Valery Sharifulin / Contributor / Getty Images
Jessica Booth
February 19, 2018 11:00 am

If you’ve watched the 2018 Olympic Games at all, there’s a good chance you’ve picked up on some of the Russian drama. The country was initially banned from competing in the Games in PyeongChang after investigators found that the athletes had been part of a government-run doping scheme during the 2014 Sochi Winter Olympics. In the end, the International Olympic Committee allowed 169 athletes to participate after they proved they were clean — but one of those Russian athletes just failed a doping test at the Olympics. Yikes.

The 169 Russian athletes permitted to compete are called “Olympic Athletes from Russia (OAR),” as you may have noticed. They’re also wearing neutral colors and they marched under the Olympic flag at the Opening Ceremony, rather than the Russian flag.

Everything with the athletes seemed to be going well — until the morning of February 19th, when the IOC announced that Russian curler Alexander Krushelnitsky tested positive for the banned drug meldonium; Krushelnitsky just won bronze in the mixed doubles curling event alongside his wife, Anastasia Bryzgalova. The Court of Arbitration for Sport analyzed the sample and confirmed that the anti-doping division had opened a case against him, but so far, no hearing date has been set.

Krushelnitsky has not said much besides his brief statement to the Russian newswire RIA, when he said, “I know nothing about all this.”

Meldonium has been banned by the World Anti-Doping Agency since January 2016. It’s used to treat heart disease and other chronic conditions in Russia and Eastern Europe, but it doesn’t seem like Krushelnitsky used it for any of those reasons. Meldonium is known to increase blood flow, something that can help increase endurance. The Wall Street Journal says that the amount found in the Russian athlete’s urine sample was much higher than the dosage that would normally be used for medical purposes, which is what makes it suspicious.

This drug is one that Russian athletes should be very aware of — 40 Russians have tested positive for it since it was banned, so using it would be a very bad idea.

The Russian team seems shocked by the announcement, and Russian curler Victoria Moiseeva told reporters that they think Krushelnitsky is innocent. Russian women’s curling coach Sergei Belanov said, “It’s stupid, but Alexander is not stupid, so I don’t believe it.”

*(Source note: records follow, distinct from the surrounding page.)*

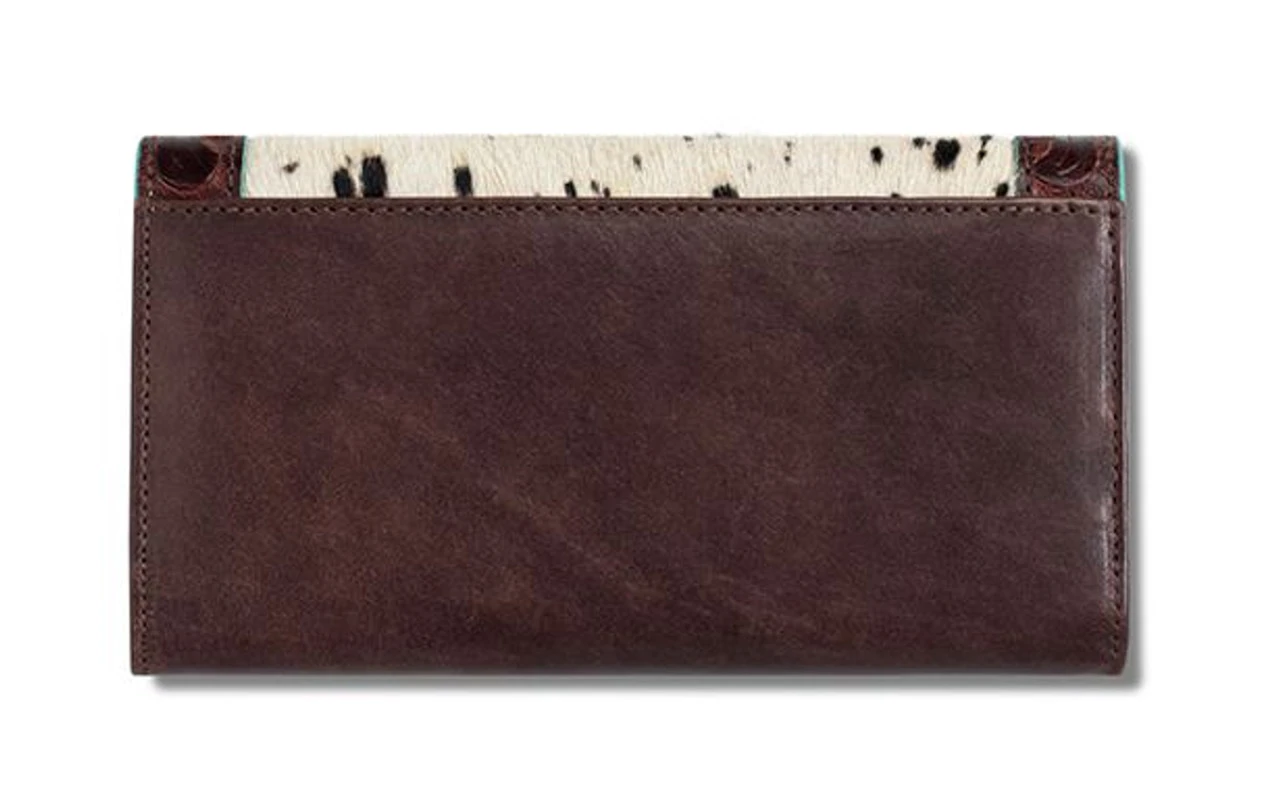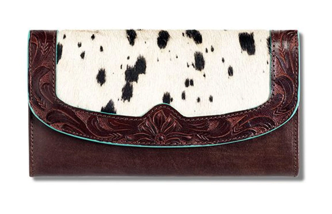 Ariat ladies wallet from the Willa collection. Plenty of room for your credit cards, with 12 slots. One zipper pocket. Top flap is covered in calf hair and features a tooled outer border. Ariat Wallet Brown Leather Body with Calf Hair Willa Style Turquoise Trim Magnetic Closure 60% Leather, 40% Hair On Measures: 4-1/4 x 7-1/2 x 1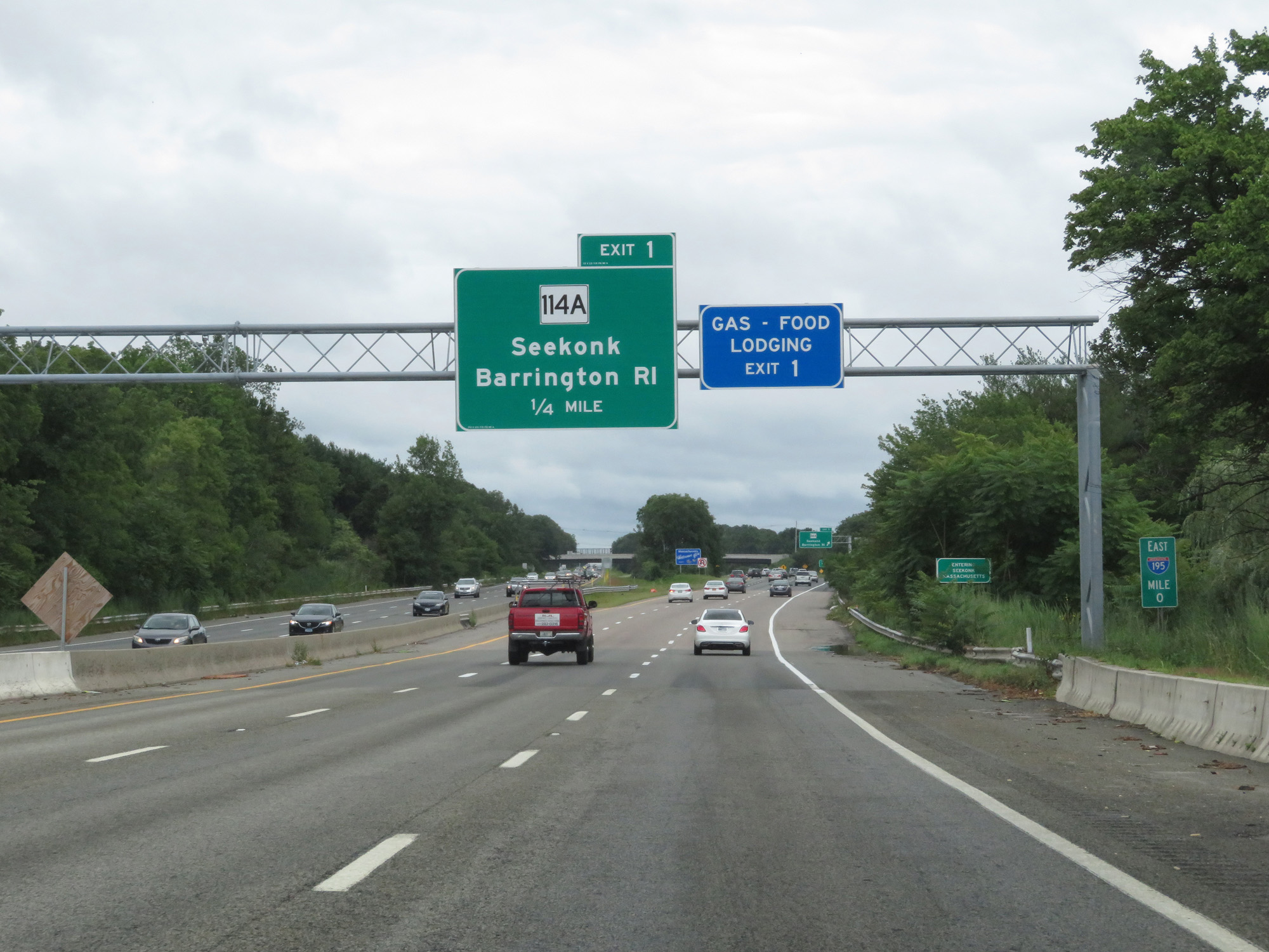 Interstate 195 East at Exit 1: MA 114A - Seekonk / Barrington, RI (Photo taken 8/5/17). |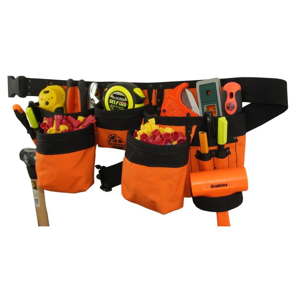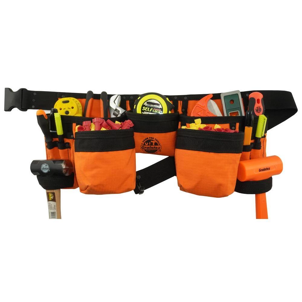 Graintex DISTINCTIVE PRODUCTS are handmade by our highly expert skilled craftsmen using heavy-duty top leveled canvas, giving our customer the satisfaction with our product that can last much longer. The 11 Pocket Finisher Tool Apron constructed with orange color rip-stop canvas that is extra soft and durable. This exquisite finisher tool apron consists of 11 pockets for extra convenience. Designed with a 2 in. webbing belt, following with 2 large pocket that can hold multiple tools. 3 medium pocket that can fit nails, medium-sized tools, and 6 small pockets for screwdrivers, pens, pencils, utility knife, and other miniature sets. The pockets are easily accessible, this finisher tool apron can be used in number of multiple other uses at the workplace or at home. With easily accessible pockets this tool pouch is a handy product for daily use. The finisher tool apron has 2 in. webbing belt with a PVC quick release that can fit waist from 28 in.- 50 in. and 2 hammer loops which can fit all standard sized hammers. This finisher tool apron can be used for multiple projects such as carpentry, housework, gardening, garage projects, electricians, construction, etc. This finisher tool apron is double stitched and reinforced with steel rivets for extra durability.

Authorities are now looking into whether or not the urine sample was tampered with, but Krushelnitsky has already surrendered his accreditation and left the Olympic Village. According to The New York Times, the panel is also looking at the reaction from Russian officials. If they dispute the verdict or make any critical comments, one source says, “it would be practically impossible to restore the Russian team before the end of the Games.”

Krushelnitsky is not the first athlete at the Olympics to be accused of doping: Japanese short track speedskater Kei Saito was expelled before competing after testing positive for a drug.

The Russian team had been hoping that the IOC would allow them to march under the Russian flag at the Closing Ceremony. That’s looking like it’s won’t happen now. We’ll keep an eye on the situation for updates!